Electrolysis is a way of removing individual hairs from the face or body.
Today’s medical electrolysis devices destroy the growth center of the hair with
chemical or heat energy. A very fine probe is inserted into the hair follicle
at the surface of the skin. The hair is then removed with
tweezers.

What Causes Unwanted Hair Growth?

Hair growth is the result of heredity and hormonal levels. Also, some drugs,
temporary methods of hair removal, and some illnesses can stimulate hair
growth. Usually, hair growth is desirable. But when the hair is the wrong part
of your body — a woman’s upper lip or chin or bikini line, for example — you may be
considering electrolysis.

How Many Electrolysis Treatments Will I Need?

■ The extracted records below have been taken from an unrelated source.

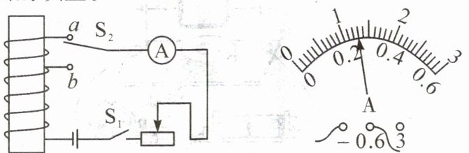 (2)探究线圈匝数对电磁铁磁性强弱的影响时$,S_1$闭合$,S_2$接a处时,电流表示数如图所示,记为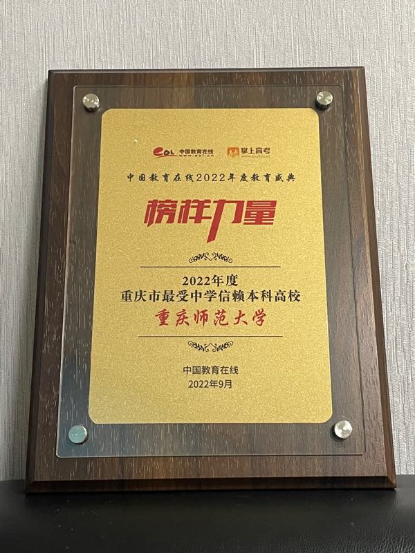 近日,必威体育登录网址 “榜样力量·2022年度教育盛典”评选获奖名单揭晓,重庆师范大学获“2022年度最受中学信赖高校”荣誉称号。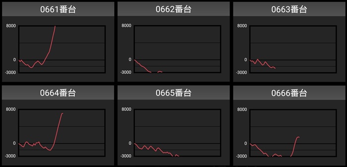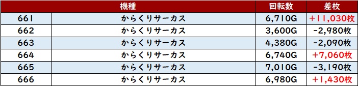 続いて「からくりサーカス 661~666」から差枚数+7,000枚超えと凄まじい出玉感の台を2台目撃!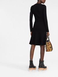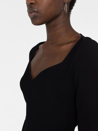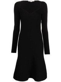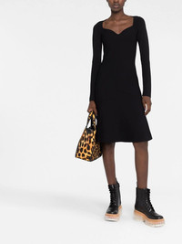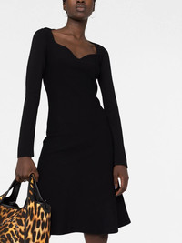 sweetheart-neck flared dress Highlights - Black - Sweetheart neck - Long sleeves - Flared skirt Made in Italy Composition Viscose 83%, Polyester 17% SIZE & FIT Model measurements Height 5 ft 11 in(1.8 m) Bust/Chest 32.67 in(83 cm) Hips 36.22 in(92 cm) Waist 24.4 in(62 cm) FittingInformation This piece fits true to size. We recommend you get your regular size Designed for a close fit at the bust, waist and hips Made with a mid-weight fabric Washing instructions Dry Clean Only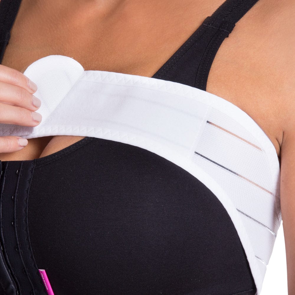 Geschikt voor gebruik in de eerste fase van postoperatieve zorg na borstchirurgie, in combinatie met een compressiebeha van Lipoelastic. De borstband is ontworpen om borstimplantaten te stabiliseren en is ideaal voor de eerste postoperatieve fase. Het is belangrijk om de borstband alleen te dragen op advies van uw arts of plastisch chirurg.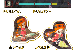 モノを壊すことでドリルパワーが溜まっていくよ。一定まで溜まるとドリルレベルがアップして、より攻撃力が増すんだ。ドリルパワーとドリルレベルは画面の上のほうに表示されているよ。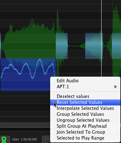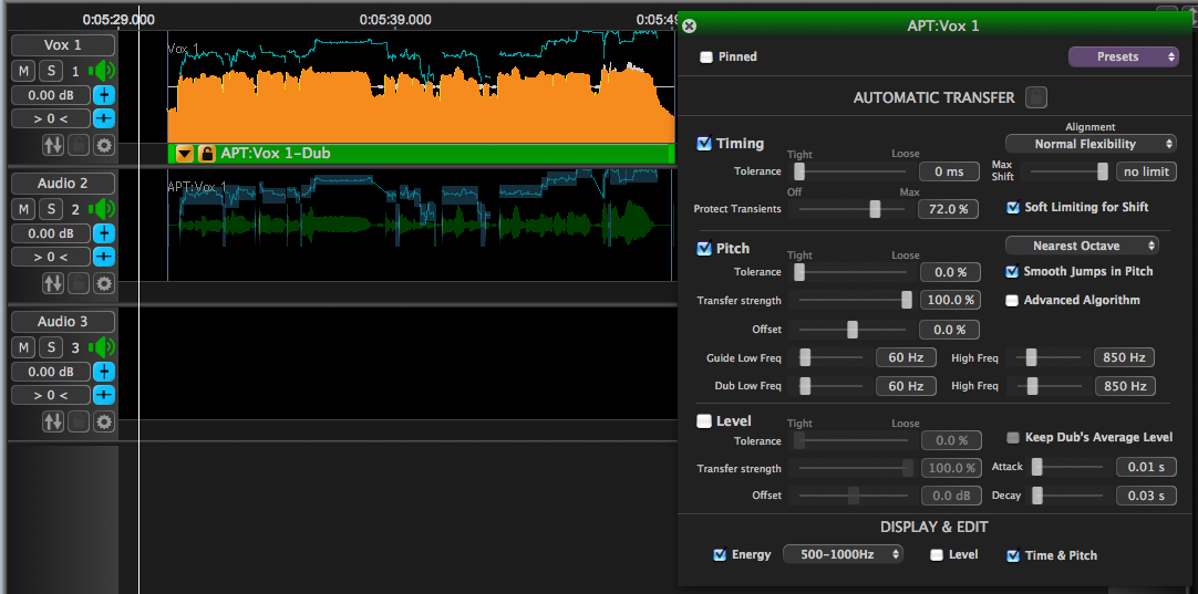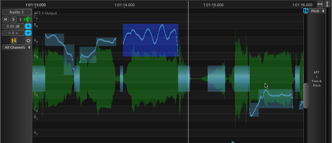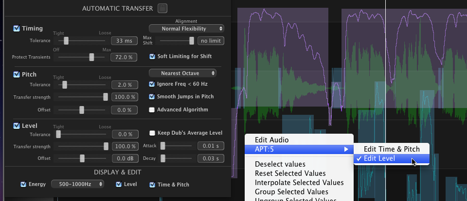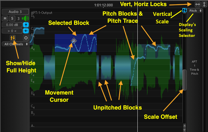 In this example, to keep the discussion more simple, in the Display & Edit section of this processes' APT Control Panel (not shown here), only the Time & Pitch selector has been turned ON, and Level is OFF.

Since many factors influence hair growth, you will need to return for
several electrolysis visits. The total number of sessions needed to remove hair permanently
from a particular area will vary from person to person. Most clients return
once a week or every other week, as necessary. But the unwanted hair will be
gone forever once the series of treatments have been completed. Each treatment
lasts between 15 minutes and one hour.

Myths About Electrolysis

Electrolysis is painful. The truth is, electrolysis usually does not cause
much discomfort. Modern electrolysis methods have reduced the discomfort to a
mere tingling. A topical anesthetic may be used in some cases.

The electric tweezer method is permanent. The truth is, the Food and Drug
Administration and the American Medical Association recognize only electrolysis
as a permanent method of removing hair. In fact, some states prohibit those who
use the electric tweezer — which can also be purchased for consumer use — from
claiming it provides permanent hair removal.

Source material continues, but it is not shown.